Никита зло усмехнулся и, ничего не отвечая, вышел.
Лямзин несколько минут тупо смотрел перед собой, пытаясь избавиться от неприятного осадка на душе, но не получалось. Что-то тяготило его во всей этой истории, заставляло чувствовать себя гадко. Вроде бы он рядом с самой разгадкой. Будто валяется она под ногами на земле, а он, вместо того чтобы наклониться и поднять, наступил каблуком. Эдуард так ушел в свои мысли, что, когда в дверь постучали, вздрогнул.
– К вам можно? – На пороге стояла темноволосая красивая женщина и вопросительно смотрела на Лямзина. – Вы меня вызывали на сегодня.
– Вы кто?
– Я Агриппина, соседка Катерины Каранзиной.

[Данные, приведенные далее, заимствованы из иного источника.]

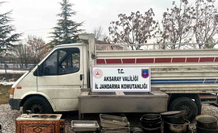 Edinilen bilgiye göre, Aksaray’da rutin yol kontrolü yapan İl Jandarma Komutanlığı ekipleri, şüphe üzerine bir kamyoneti durdurdu. Sürücü M.K. ve yanında yolcu olarak bulunan A.Y. isimli şahısların tedirgin hal ve hareketlerinden şüphelenen jandarma ekipleri, şahısların üzerinde arama yaptı. Şahısların sorgulamasını da yapan dedektifler, M.K. ve A.Y.’nin hırsızlık suçundan kayıtlarının olduğu tespit etti. Bunun üzerine jandarma ekipleri, kamyonette yaptığı aramada, birçok mutfak malzemesi buldu. Malzemelerin çalıntı olabileceği ihtimali üzerine olaya Jandarma Suç Araştırma Timi (JASAT) dedektifleri müdahale etti. JASAT dedektifleri şahıslar üzerinde ve geldikleri istikamette yaptığı araştırmada kamyonette bulunan mutfak malzemelerinin yol üzerinde bulunan bir dinlenme tesisinden çalındığını tespit etti. Bunun üzerine 2 şüpheli gözaltına alınarak, sorgulanmak üzere İl Jandarma Komutanlığına götürüldü. Ele geçirilen 1 adet piknik tüpü, 1 adet elektrikli çay semaveri, 30 adet endüstriyel tip yemek küveti, 8 adet küçük boy sac tava, 8 adet çelik tencere, 1 adet endüstriyel tip iki gözlü bulaşık yıkama tezgahı, 2 adet kulpsuz tava ve 4 adet alüminyum tencere tesis yetkililerine eksiksiz olarak teslim edildi. Gözaltına alınan 2 şüphelinin jandarmadaki işlemlerinin ardından adli makamlara sevk edileceği öğrenildi.

– Ах… да, да, да, – забормотал Лямзин, – как же я забыл. Проходите, садитесь, у меня к вам несколько вопросов. Скажите, вы с Катериной хорошо были знакомы?
– Не так чтоб очень. На уровне «здрасте – до свиданья». Господи, господи, – вдруг запричитала женщина, и глаза ее увлажнились, – такая жуткая смерть. Перерезать горло от уха до уха – это ж сколько ненависти нужно иметь!
– А кто сказал о том, что Катерине перерезали горло? – опешил Лямзин.
– Так соседка из восемнадцатой квартиры. Говорит, сама видела красную полосу.
– Вашей соседке сослепу так показалось. Каранзину задушили леской, после чего на шее остается красная борозда. Давно в том доме живете?
– Я вообще в нем сейчас не живу, прихожу только иногда посмотреть, все ли в порядке. То, что я повестку в почтовом ящике увидала, просто счастливая случайность. Иногда неделями некогда заглянуть.
Посетительница улыбнулась, и лицо ее словно просветлело. Строгая красота смягчилась, лицо стало милым и таким трогательно-беззащитным, что Лямзин невольно залюбовался и усилием воли вернул себя в русло беседы.
– Значит, живете по другому адресу. С кем?
– С дочерью.
– А муж?
– Мужа нет, мы развелись.
– У меня устаревшие сведения, – пробормотал Лямзин, черкая что-то в блокноте. – А вот скажите, Катерина Каранзина была мирным человеком? Часто ли она ссорилась с кем-нибудь?
– Да вроде бы нет… – задумавшись, протянула Агриппина. – Во всяком случае, я никогда не бывала подобному свидетелем. Вот только недавно…
– Да? – насторожился Лямзин.
– Из ее квартиры я слышала громкие голоса, похоже, она ссорилась с кем-то. Не уверена, но мне показалось, что второй голос, мужской, был ее бывшего мужа, Антона. Это важно?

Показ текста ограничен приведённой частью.